This one trope helped get both Trump and Mamdani elected.
For what it’s worth, it also got me to run up a mountain.
NOTE: I post weekly rhetorical pieces in my free Substack newsletter. Only a few end up here.
Rhetorical rule #1: Never marry a Democratic socialist and Donald J. Trump in a single sentence.
Sorry.
But the fact is, both candidates used a particular rhetorical device to win over voters at a time when the electorate was in a terrible mood. That device—the greatest, most mesmerizing, The One Big Beautiful Trope—is the hyperbole.
The word comes from the Greek meaning “throw beyond.” The political hyperbole throws beyond policy, budgets, statistics, compromises—beyond even reasonable possibility. It literally promises the moon.
Trump’s moonshot promises included ending inflation, slashing electricity bills by 50%, bringing the price of gas below $2, and cutting the cost of a home in half, all on “day one.”
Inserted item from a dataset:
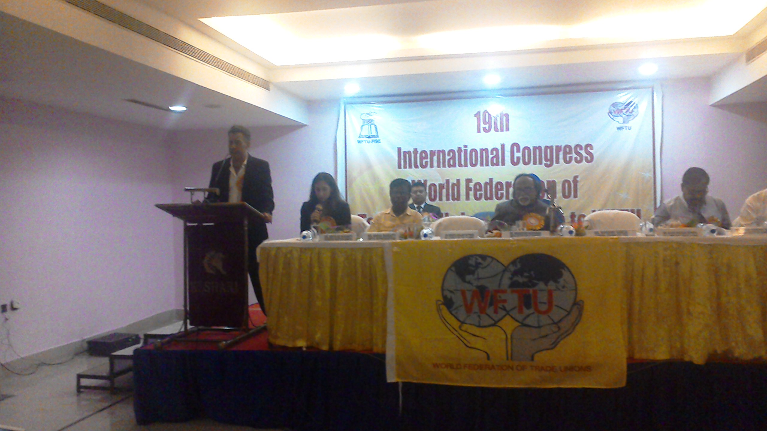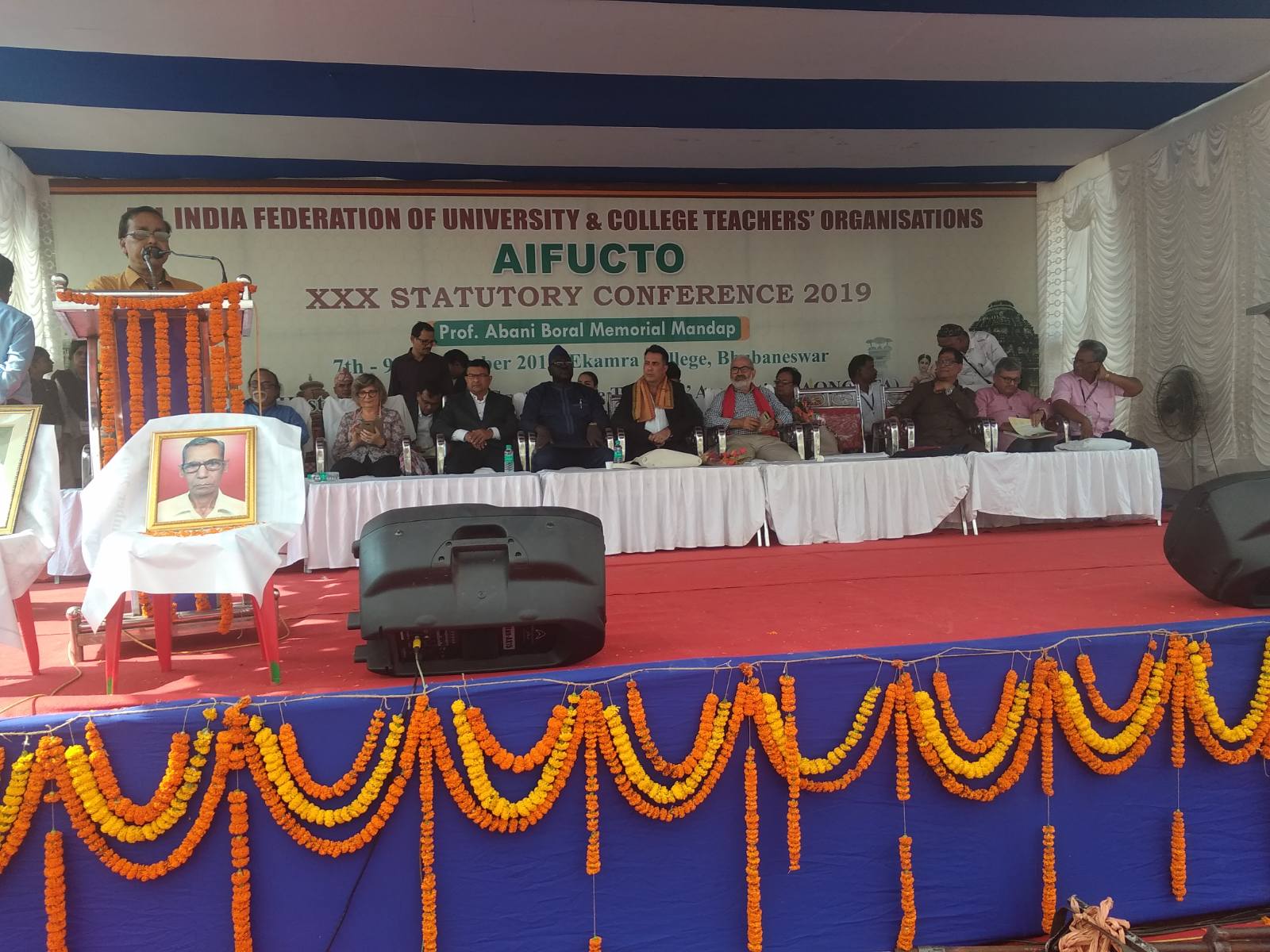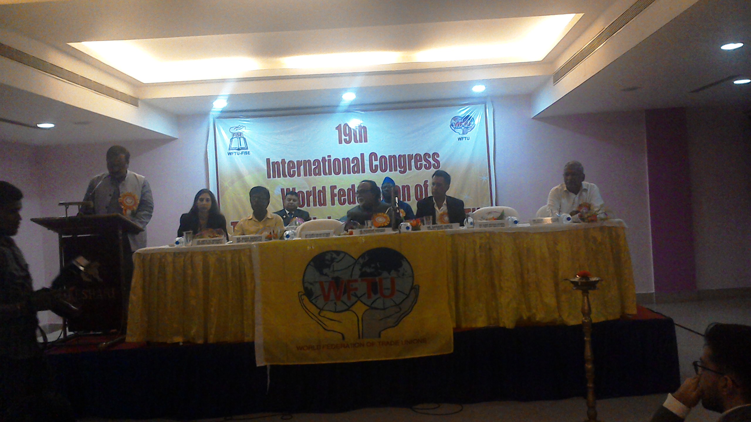 In the framework of the 19th International Congress of FISE, which starts today in Bhubaneswar, Odisha State, India, the delegates of the Congress visited the valedictory session of the 30th Congress of AIFUCTO, All India Federation of University & College Teachers’ Association, where the General Secretary of FISE, Mariano García and WFTU Secretariat Member, Mahadevan Hariharan, conveyed their greeting and support to the teachers of India and their struggles.

Zohran Mamdani—who came out of practically nowhere to dominate the Democratic mayoral primary in New York—promised universal childcare, free buses, rent freezes, and city-owned groceries. While he neglected to say he planned all that on his first day as mayor, no New Yorker in her right mind thinks he could possibly achieve all those promises.
Charismatic hyperbolist Zohran Mamdani. (I photoshopped this image all by my un-AI-aided self.)
But a great many voters believe he could do some.
This is the genius of the hyperbole: It leads to a glorious kind of failure. Meanwhile, the trope throws beyond the unhappy present, in the right (or left) direction. Of course Trump won’t cut the cost of housing in half. But that promise made people believe that housing might be made more affordable. It’s extremely unlikely that Mamdani will magically provide childcare for every kid in New York; but maybe he can expand childcare. He’s throwing in the proper direction, and voters believe he will chase after that goal.
Every hyperbole of ambition contains a hidden, winking promise to fail up. Falling short of the goal still counts as a triumph. Cheaper, faster buses instead of free fast buses? Bravo! Gas at $2.50 a gallon rather than the promised $1.99? Maga-mazing!
Every hyperbole of ambition contains a hidden, winking promise to fail up.
In my next book, which definitely will sell in the millions on day one (July 15), I ginned up a capital-H hyperbole of my own: to become the first person over 50 to “run his age” up a classic mountain, reaching the top in fewer minutes than I was old in years. When I started, I was suffering from a debilitating hip problem. If I came short of my big, beautiful, silly goal, I still would fail up—literally in this case. I’d go from limping to running, and from running to running up a mountain, however slowly.
Moderates in both political parties consistently fail to understand the power of hyperbole. They flame the renegade candidates’ ballooning promises as “unrealistic policies.” But that critique commits two classic rhetorical errors:
Most people don’t care about policy. They care about direction.
Impossibility is a feature, not a bug.
Free buses and half-price housing are way more concrete and sexier than Let’s win this! (Harris), Stronger Together (Clinton) and Reform, Prosperity, Peace (McCain). Sure, Make America Great Again is another dumb slogan. But it promises a direction, not a value. And it’s certainly not a policy.
Of course, hyperbole alone didn’t produce wins for Mamdani and Trump. Both New Yorkers campaigned against deeply unpopular parties, and they benefited from their opponents’ terribly run campaigns. Both gathered a core of passionate followers. Both gained political juju from triggering the moderates. And both benefited from the Democratic Party’s habit of blowing most of their budgets on television advertising—the twentieth-century equivalent of the torchlight parade. If only trains could be made great again; then they could hold state-of-the-art whistle stop tours!
Actually, I would love to see trains made great again. On day one.